The Tau Lepton: Leading the Search for Lepton Flavor Violation at BaBar
While much of the work at the SLAC B Factory has been on B-meson physics and the study of subtle matter-antimatter asymmetries in the laws of physics, a BaBar team has also been exploiting PEP-II's ability to produce copious quantities of another type of particle, the tau lepton.
In the Standard Model of Particle Physics, the electron, the muon and the tau make up the family of fundamental particles called charged leptons, and each has a neutral partner called a neutrino. The tau, being relatively heavy, can decay into an electron or a muon, or into many other types of particle. In the Standard Model, modified to include the effects of recently discovered neutrino oscillations, tau-lepton decays almost always produce a tau neutrino, conserving a quantity called lepton flavor. The neutrinos are impossible to detect at BaBar, so their presence is inferred from missing energy, an imbalance between the energy of the original tau and the observed energy of its decay products.
In attempting to find deeper symmetries in nature, theorists have postulated many extensions to the Standard Model. The so-called supersymmetry theories are particularly appealing. Many variants of these theories predict a significant amount of lepton-flavor violation, allowing a tau to decay without producing a tau neutrino. One important process of this type would be the decay of a tau to a muon plus a photon. Such an event would have a distinctive signature in BaBar: the muon would be reconstructed in the particle tracking system and the muon detectors, while the photon would be seen in the electromagnetic calorimeter. Since no energy would be taken away by a neutrino, the total energy of the combination of the muon and the photon would be equal to the original tau energy. Also, the reconstructed mass of the muon plus photon system would be the same as the tau mass. The figure (above) shows a simulation of such an event in BaBar.

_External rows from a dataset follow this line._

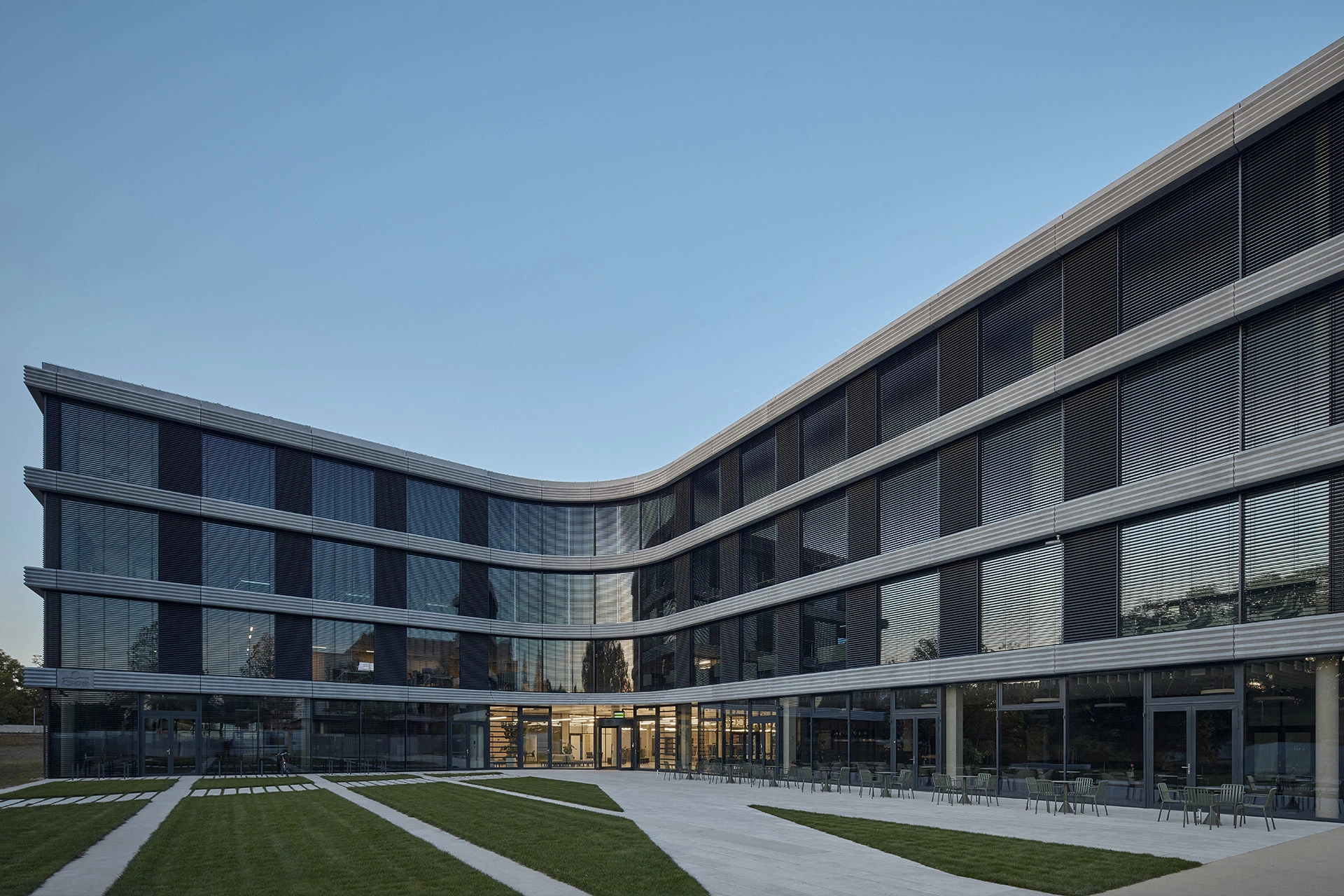deranjați de aspectul dominant al jaluzelelor de pe clădire, așa că se hotărăsc pentru utilizarea plasei de protecție solară exterioară cu un design curat.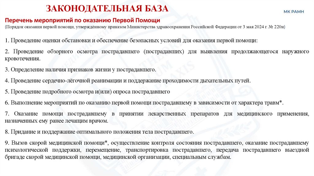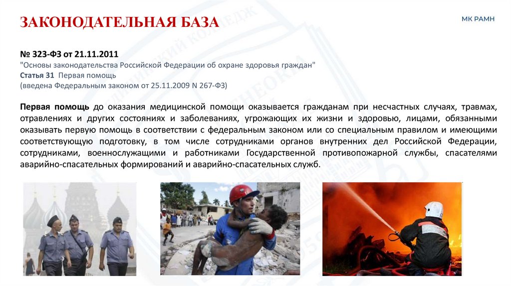 оказывать первую помощь в соответствии с федеральным законом или со специальным правилом и имеющими
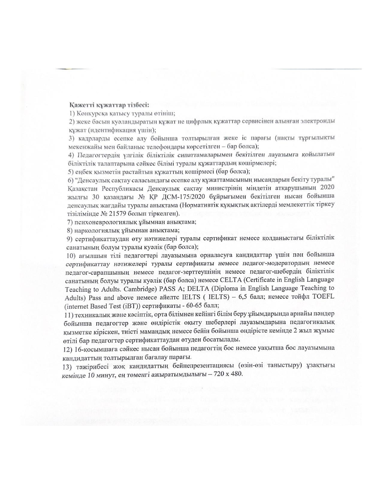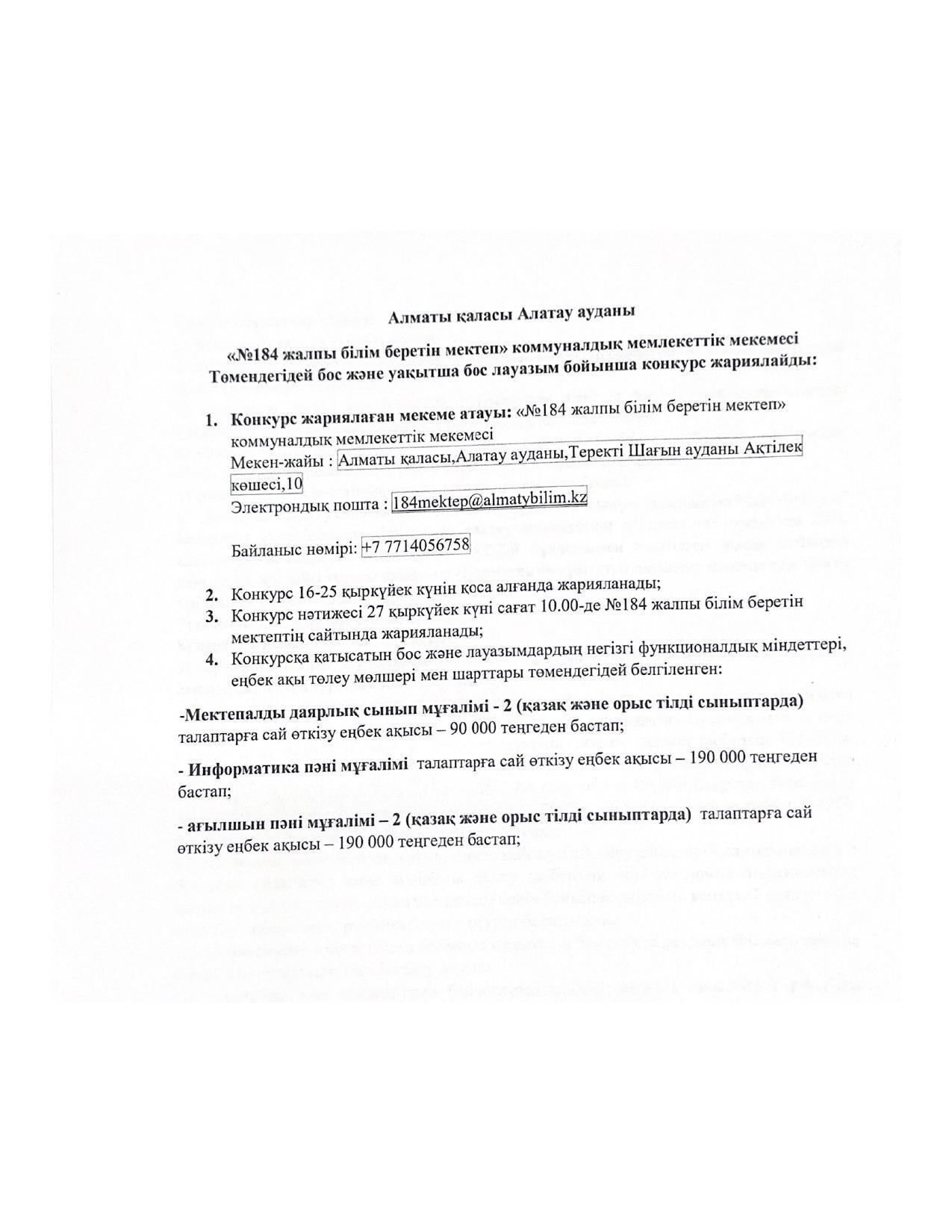 29 август 2024 0 1 2 3 4 5 "№184 жалпы білім беретін мектеп" коммуналдық мемлекеттік мекемесі төмендегідей бос және уақытша бос лауазым бойынша "№184 жалпы білім беретін мектеп" коммуналдық мемлекеттік мекемесі төмендегідей бос және уақытша бос лауазым бойынша конкурс жариялайды Осы беттің QR-коды:QR-код этой страницы:

The BaBar team has so far looked at over 400 million tau lepton decays, searching for evidence for the decay of a tau to a muon plus a photon. No signal has been found. This has allowed the BaBar physicists to calculate that the probability for such a decay must be no larger than one in fourteen million. This small probability rules out several versions of supersymmetry theories, and has allowed physicists to place limits on the range of possible values of some important parameters in other versions of the theories.
Recently, during the PEP-II shutdown, the installation of new detectors at BaBar has enhanced the capability of the experiment to identify muons. When the accelerator starts up again for physics, the luminosity is expected to reach record levels, allowing BaBar to accumulate even more, higher quality data. The tau analysis team is ready to resume the search for lepton flavor violation with the new data. At the very least, further important constraints will be put on the nature of possible new physics beyond the Standard Model. But evidence for lepton flavor violation just might be found before the end of data taking in 2008.
Above image: A simulated tau-tau+ event in the BaBar detector. The negative tau decays into a muon (mu-) and a photon (also known as a gamma ray). The green line shows the path of the photon, which leaves no track in the tracking chambers, but deposits its energy in the electromagnetic calorimeter (shown as the green tower). The muon produces hits in the tracking chambers, traverses the calorimeter and leaves its trace in the muon chambers (seen as the purple tower). The positive tau decays into a positron (e+) plus neutrinos, with the latter being undetected and carrying missing energy. (Image courtesy of Swagato Banerjee.)